Highbush blueberry roots, like those of most ericaceous plants, host a fungal symbiont which increases the plant’s ability to forage for nutrients, most notably nitrogen. The fungi benefit from this relationship because it utilizes the host plant’s photosynthates as its carbohydrate source. The fungal symbiont, usually an ascomycete for ericaceous plants, infects the root and forms mycorrhizae (which literally means “fungus roots”). While many studies have been conducted on the effects of organic matter (both pre-plant and as a mulch) and nitrogen form and level on blueberries, and some studies have been conducted on the effect or level of mycorrhizal infection on blueberries, none of these studies have reported the relationship between nutrition and planting practices with the level of mycorrhizal infection.
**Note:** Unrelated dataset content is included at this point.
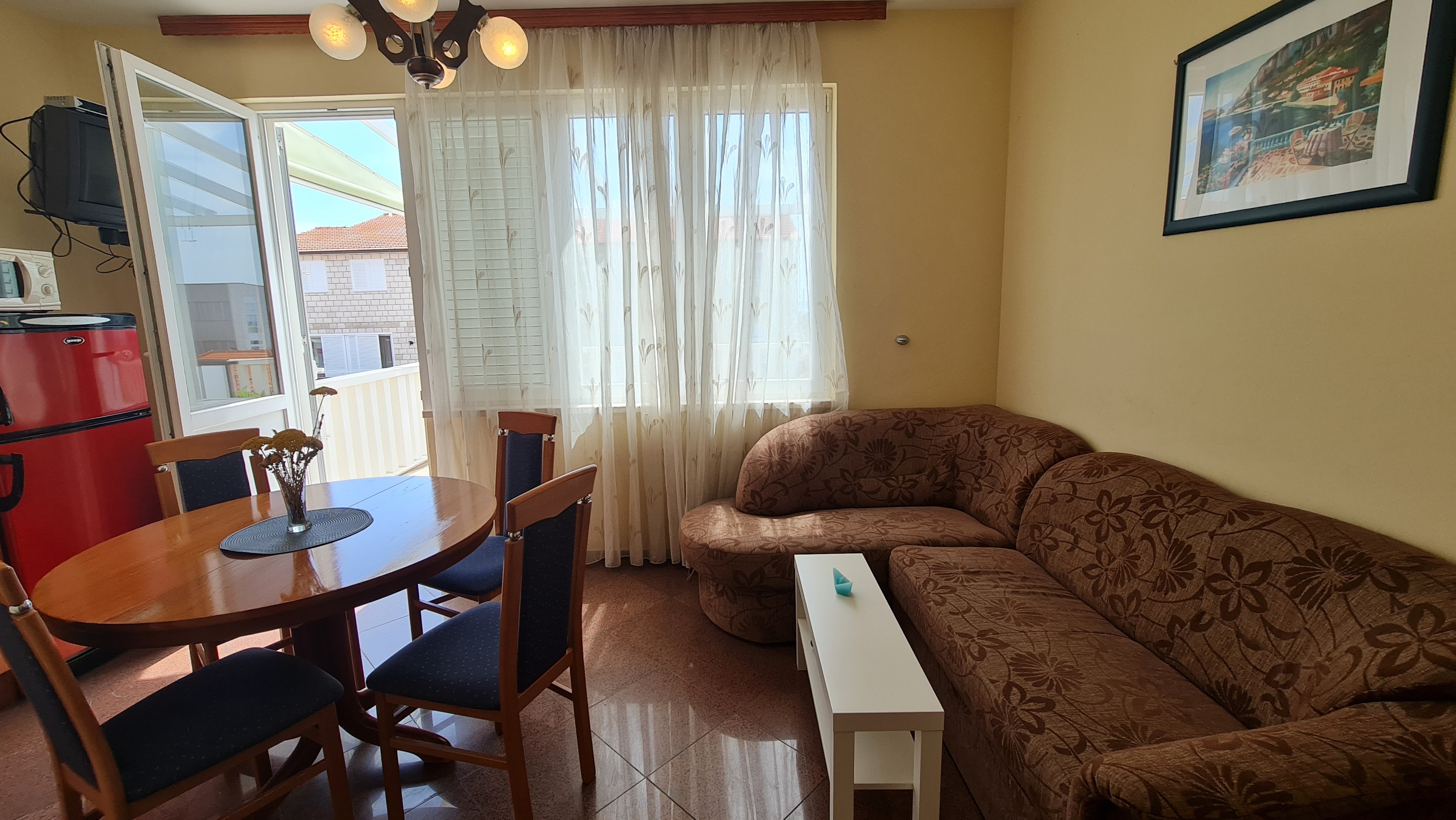 Apartament może przyjąć 4 gości. Łóżka znajdują się w sypialniach, których jest 1, oraz w pokoju dziennym, na powierzchni 30m2. Goście mają dostęp do tarasu, by korzystać z ciepłych, letnich wieczorów. Z apartamentu roztacza się widok na morze. Możliwość przygotowywania posiłków poprzez korzystanie ze wspólnego grilla. WLICZONE W CENĘ: taksa pobytowa, sprzątanie końcowe, klimatyzacja, parking, internet, żelazko, suszarka do włosów. OBOWIĄZKOWE KOSZTY DODATKOWE: dopłata za krótki termin (procent dopłaty w zalezności od liczby noclegów: 30% - 1, 20% - 2, 10% - 3). Dostępność dodatkowych usług w rezerwowanym terminie oraz ich cenę (jeśli nie jest podana) należy sprawdzić wcześniej. Za dodatowe usługi, które nie zostały uwzględnione w kalkulacji ceny, płaci się bezpośrednio właścicielowi obiektu, pod warunkiem śe gość korzysta z tych usług.

Organic matter and nitrogen studies. Soil amendments for preplant incorporation improve blueberry establishment and production on mineral soils. Perlmutter and Darrow (1942) found that blueberry seedlings grew best in a media that was 2/3 “forest litter” and 1/3 soil. More recently, Odneal and Kaps (1990) found that aged or fresh pine bark was as good as sphagnum peat for preplant incorporation, with no differences in plant height, spread, number of canes or plant yield or size. Rotted sawdust in the planting hole has also proven to be a good material for preplant incorporation (Eck, 1988).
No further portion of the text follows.